Mrs. Brown, the first-nameless protagonist of playwright Chandos Fulton’s 1873 novelette, responds witheringly to the news that a friend’s daughter has wed a man of modest means. “It was a love-match, I suppose,” her friend Mrs. Campbell told her, and Mrs. Brown “did not deign a reply.”

As the plot of Fulton’s novel unfolds, Mrs. Brown meddles in her own daughter Adele’s romantic life, breaking off a would-be “love-match,” to fix Adele up with a wealthier suitor. Adele’s marriage to the moneyed fellow is an unhappy one, and a scandal breaks out when people incorrectly suspect Adele of having an affair with another man. It turns out that Adele was just lonely, and when Adele’s cold-but-wealthy husband Mr. Dick comes to understand this, he becomes an ideal husband on command. Adele Brown and her ambitious busybody mother both get a happy ending. The original love-match man who broke Adele’s heart due to Mrs. Brown’s scheming in Chapter Four is never mentioned again.

Mrs. Brown’s desire for Adele to marry a wealthy man is symbolized by a status-symbol that serves as the book’s title: “A Brown Stone Front.”

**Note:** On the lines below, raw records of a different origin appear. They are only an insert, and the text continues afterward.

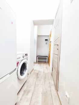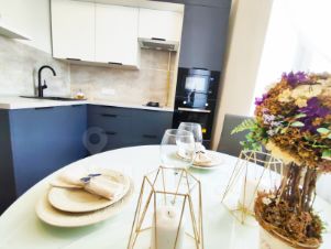 Кухня оснащена всей необходимой техникой (встроенный духовой шкаф, варочная газовая панель, вытяжка, микроволновая печь, посудомоечная машинка, холодильник, стиральная машинка). Ванна и санузел раздельные. Просторный коридор со встроенными шкафами для хранения верхней и повседневной одежды.
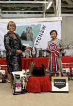 Pictured with Owner/Breeder/Handler Linda Shaw and Specialty Show Judge Mr G Bodegard (Sweden)
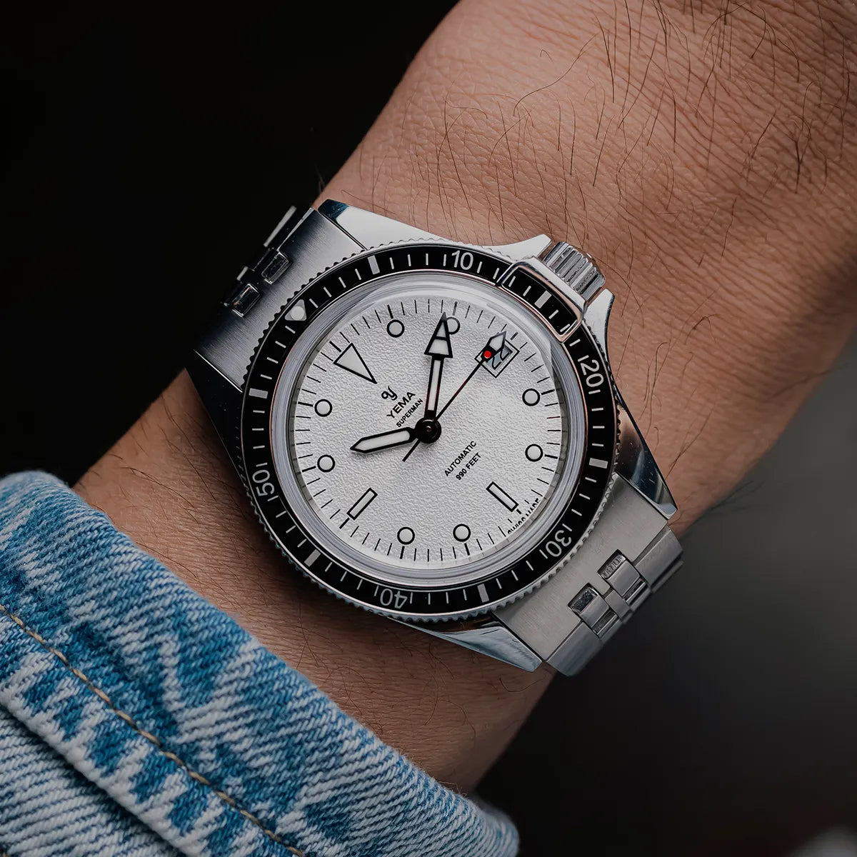 Over the years the YEMA Superman has become one of the most recognised French dive watches. The Superman Heritage model has preserved the aesthetic and vintage aspect of the original 1970s Superman while incorporating functional characteristics of contemporary professional diving watches.
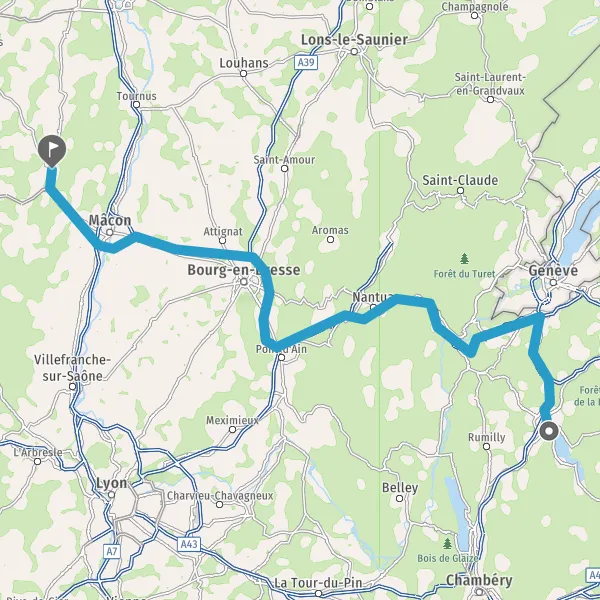 Prendre à droite et rejoindre A41. Continuer sur 25 kilomètres
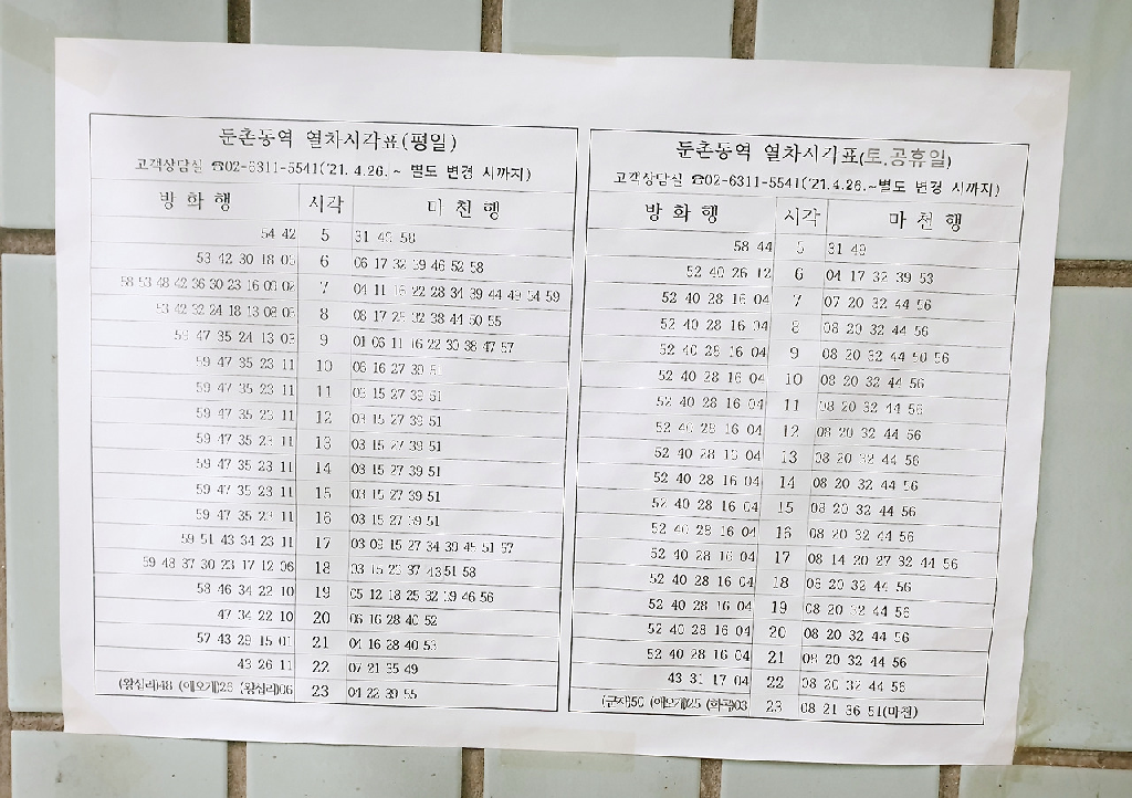 목차 Toggle 서울 강동 둔촌동역 지하철역 시간표둔촌동역입니다. 둔촌동역을 지나면서 지하철역 시간표와 둔촌동역 사진을 올려 본다. 서울 강동 둔촌동역 지하철역 시간표 강동에서 5호선을 따라 둔촌동역을 지난다. 지하철 시간표는 역에서 붙여놓은 것이 가장 정확한 것 같다 오늘의 둔촌역 시간표 둔촌동역입니다. 둔촌동역

Newspapers in New York City had been advertising “brown stone front” buildings for sale and rent since the 1840s. Other cities followed suit, and a “brown stone front” remained an attractive selling point in real-estate for the better part of the following century.

What was originally a cheaper and easier-cut alternative to marble and limestone became synonymous with success in America.